## Data for review

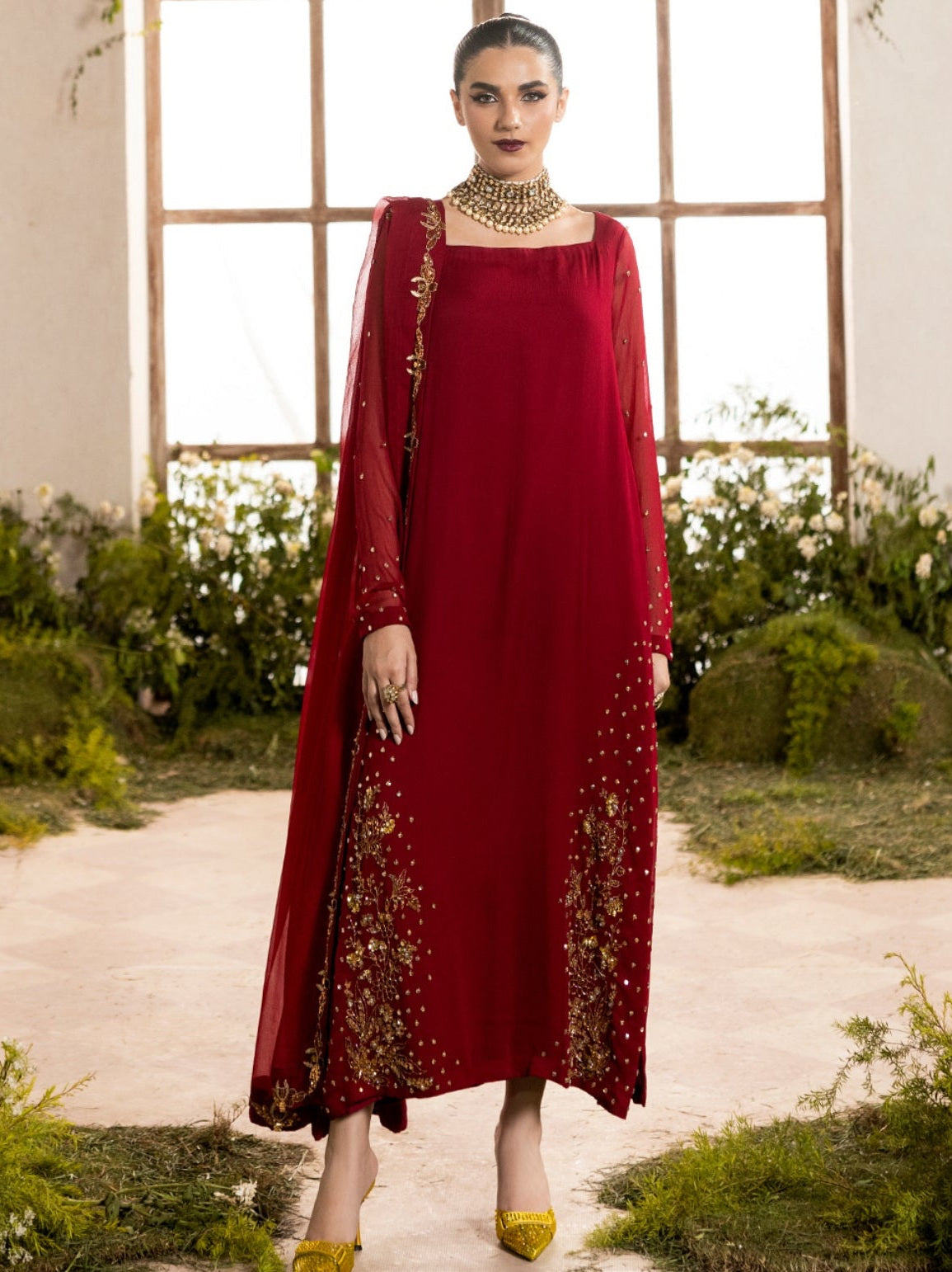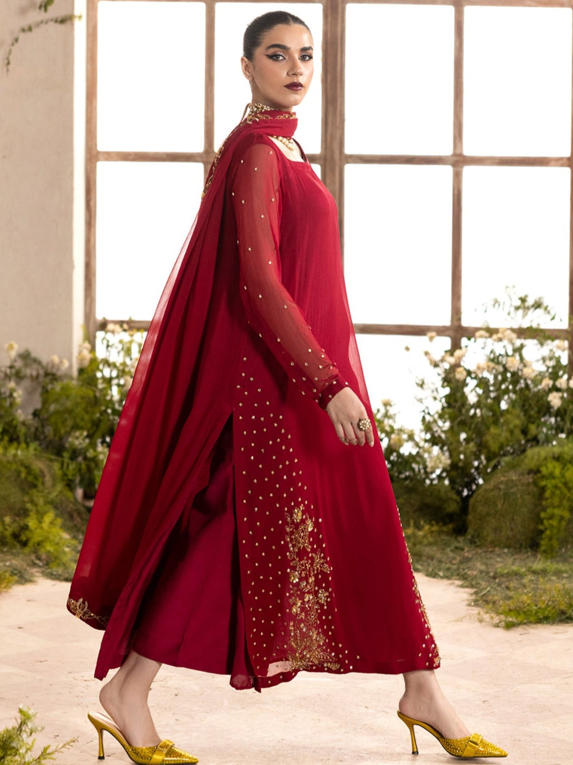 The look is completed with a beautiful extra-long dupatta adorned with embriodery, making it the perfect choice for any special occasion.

==

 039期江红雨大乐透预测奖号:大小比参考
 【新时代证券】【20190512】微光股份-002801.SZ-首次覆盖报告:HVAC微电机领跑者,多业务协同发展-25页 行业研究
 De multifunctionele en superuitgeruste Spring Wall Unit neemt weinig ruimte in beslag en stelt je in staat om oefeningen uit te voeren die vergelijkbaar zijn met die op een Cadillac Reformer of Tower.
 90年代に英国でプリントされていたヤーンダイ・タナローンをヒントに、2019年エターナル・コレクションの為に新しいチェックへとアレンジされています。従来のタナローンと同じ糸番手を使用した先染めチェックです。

==

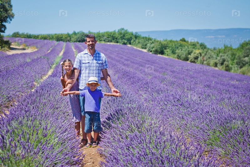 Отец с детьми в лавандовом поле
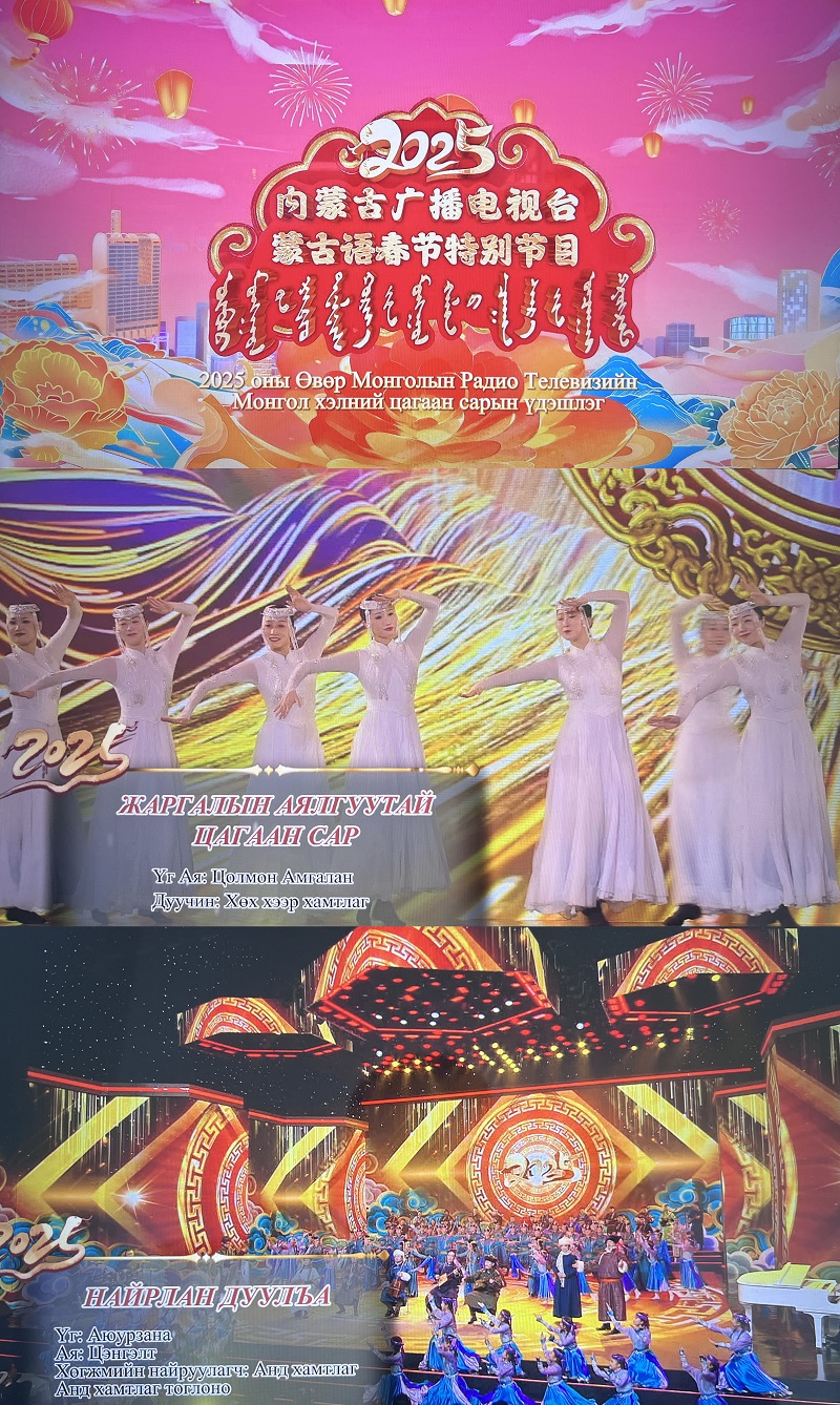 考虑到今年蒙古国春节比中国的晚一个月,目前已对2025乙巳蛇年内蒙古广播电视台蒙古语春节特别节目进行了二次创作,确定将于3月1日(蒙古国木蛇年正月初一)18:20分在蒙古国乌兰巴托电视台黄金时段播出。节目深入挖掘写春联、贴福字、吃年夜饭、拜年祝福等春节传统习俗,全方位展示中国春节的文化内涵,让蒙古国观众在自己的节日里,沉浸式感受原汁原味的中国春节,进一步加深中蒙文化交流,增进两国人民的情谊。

## Problem to solve
Set down word for word the lines above from the one with "Отец с детьми в лавандовом поле" up to and including the one with "考虑到今年蒙古国春节比中国的". Omit every picture.

## Reply
 Отец с детьми в лавандовом поле
 考虑到今年蒙古国春节比中国的晚一个月,目前已对2025乙巳蛇年内蒙古广播电视台蒙古语春节特别节目进行了二次创作,确定将于3月1日(蒙古国木蛇年正月初一)18:20分在蒙古国乌兰巴托电视台黄金时段播出。节目深入挖掘写春联、贴福字、吃年夜饭、拜年祝福等春节传统习俗,全方位展示中国春节的文化内涵,让蒙古国观众在自己的节日里,沉浸式感受原汁原味的中国春节,进一步加深中蒙文化交流,增进两国人民的情谊。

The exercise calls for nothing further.